Лисенко сидела на диване неподвижно, не сводя глаз с Ани. Улыбалась, но натянуто, прилагая на то не мало усилий. Выслушала она Аню ни разу не дернувшись ни одной мышцей лица; и взгляд не изменился: по-прежнему тот же — оценивающий, изучающий недоброжелательный взгляд.

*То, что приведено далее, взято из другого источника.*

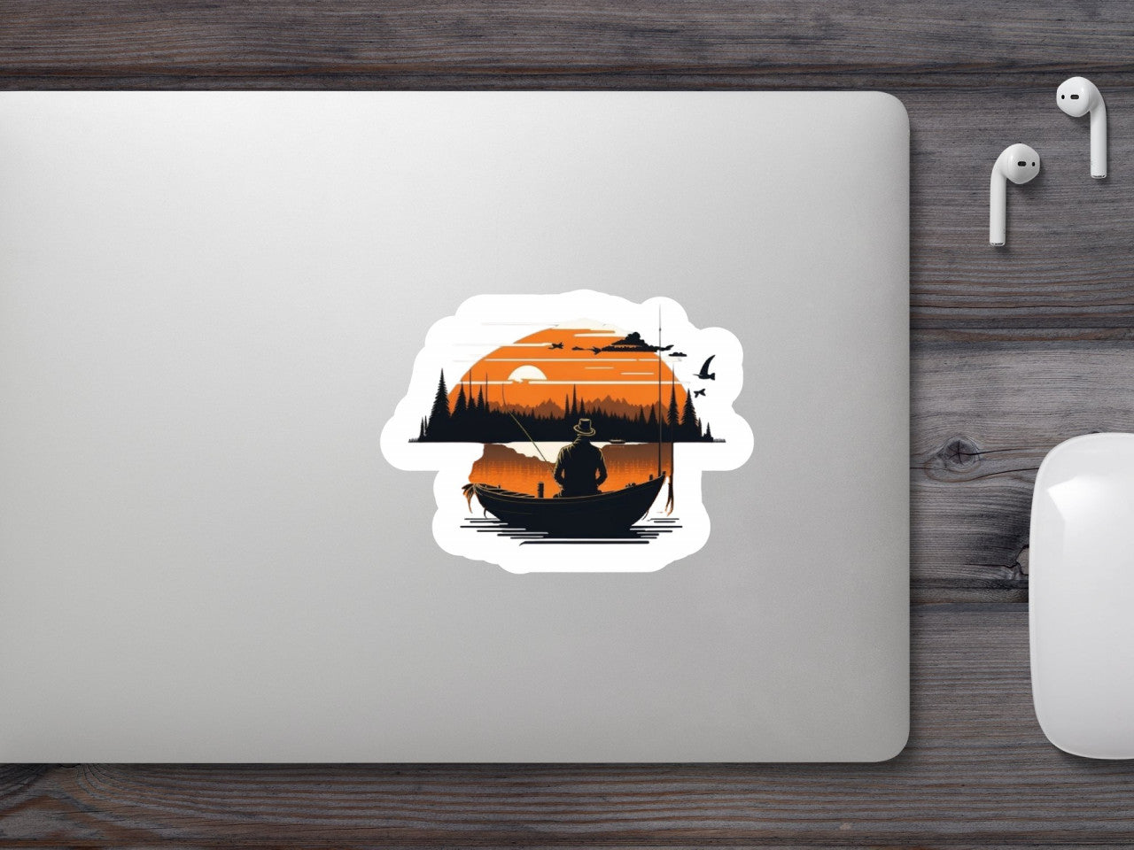 Set 2 bucati, Sticker decorativ, Pescar la apus, Rezistent la apa, NO6960, 16 cm, Multicolor

Дарья Николаевна стояла около дивана, застыв в ожидании, с пеленой слез на глазах и ладонью на правой щеке. Ане стало ее жалко. Возможно, если не Лисенко, она подошла бы сейчас к маме и впервые за два года обняла, попросив прощения, потому что вид ее был до трогательного жалким. Губы Ани как дрогнув двинулись, будто произнося слово, но немое, без звука.
— Она сказала: повеситься? — повернулась Лисенко к Дарье Николаевне, но та ничего не ответила, лишь не отрываясь смотрела на дочь. — Тогда так и запишем: прослеживаются суицидальные наклонности, — и грузно поднялась с дивана, стремительно зашагав к выходу.
Она с силой отпихнула Аню в сторону дивана, когда проходила в коридор. Аня упала бы на пол, если бы не успела вовремя зацепиться руками за спинку дивана.
— Аккуратно, тварь! — крикнула она вслед Лисенко.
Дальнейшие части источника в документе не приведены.